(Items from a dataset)
====
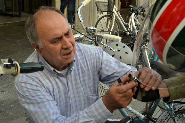 and chat with him} and talk about his old lambretta and his work as a mechanic.
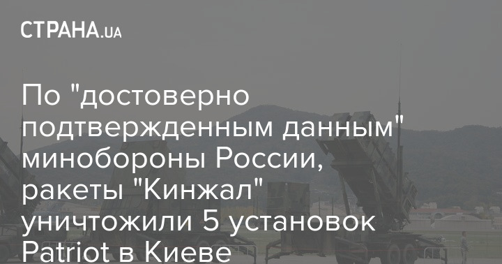 "По достоверно подтвержденным данным, 16 мая в результате удара гиперзвуковым ракетным комплексом "Кинжал" в городе Киев были поражены и полностью уничтожены многофункциональная радиолокационная станция, а также 5 пусковых установок зенитного ракетного комплекса Patriot производства США", - говорится в сообщении.
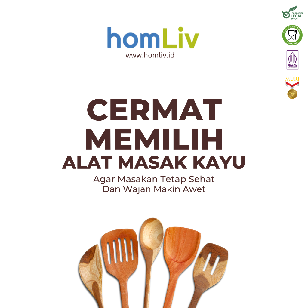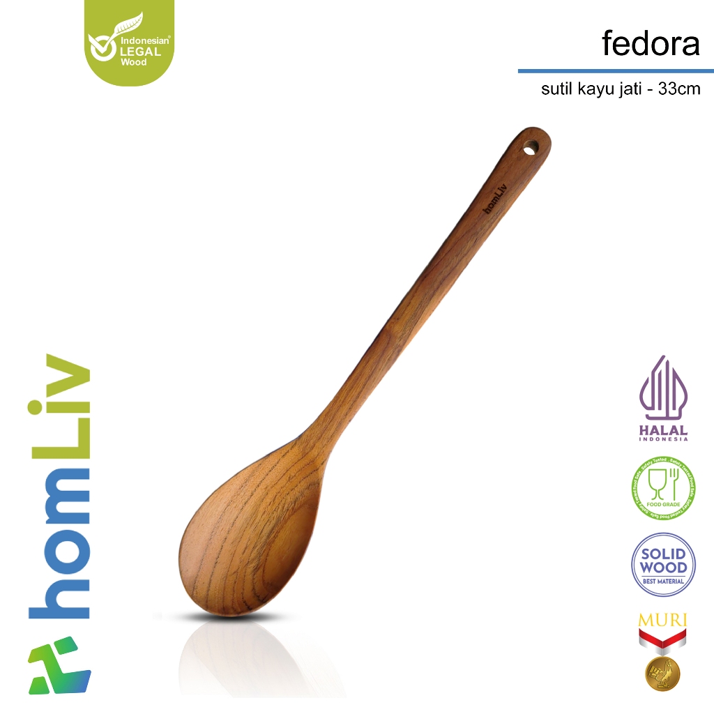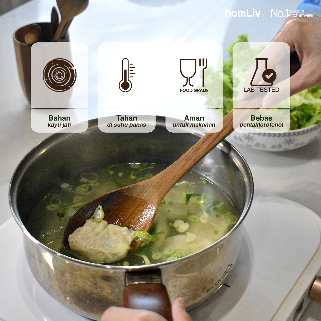 HOMLIV SUTIL KAYU JATI 33 CM FEDORA TEAK WOOD ALAT MASAK FOODGRADE 07257
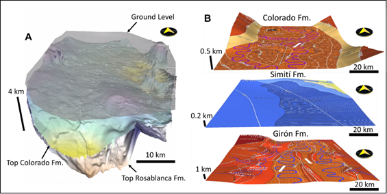 Figure 4. Examples of information integration to build GDEMs and PDWMs, key inputs for the Forward Stratigraphic Modeling: A) Block diagram of selected structural surfaces resulting from regional seismic interpretation; B) Gross Depositional Environmental Maps and Paleo Deep Water grids at selected tops of Meso – Cenozoic formations (Jurassic Girón Fm, Cretaceous Simití Fm and Miocene Colorado Fm), constructed from the integration of isopach maps obtained from the seismic interpretation, paleoenvironmental interpretations from well and stratigraphic columns descriptions, published regional paleogeographic maps and analogues from modern sedimentary environments.
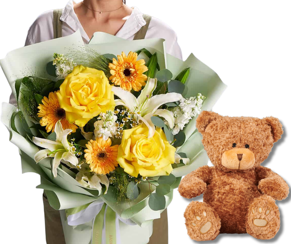 Surpriză la Domiciliu cu Ursuleț și Buchet Galben”
====
Task brief ▸ What to print is the stretch of entries from the line with "говорится в сообщении." up to and including the line with "HOMLIV SUTIL KAYU". Please print it exactly and leave out the pictures.

Task answer ▸
 "По достоверно подтвержденным данным, 16 мая в результате удара гиперзвуковым ракетным комплексом "Кинжал" в городе Киев были поражены и полностью уничтожены многофункциональная радиолокационная станция, а также 5 пусковых установок зенитного ракетного комплекса Patriot производства США", - говорится в сообщении.
 HOMLIV SUTIL KAYU JATI 33 CM FEDORA TEAK WOOD ALAT MASAK FOODGRADE 07257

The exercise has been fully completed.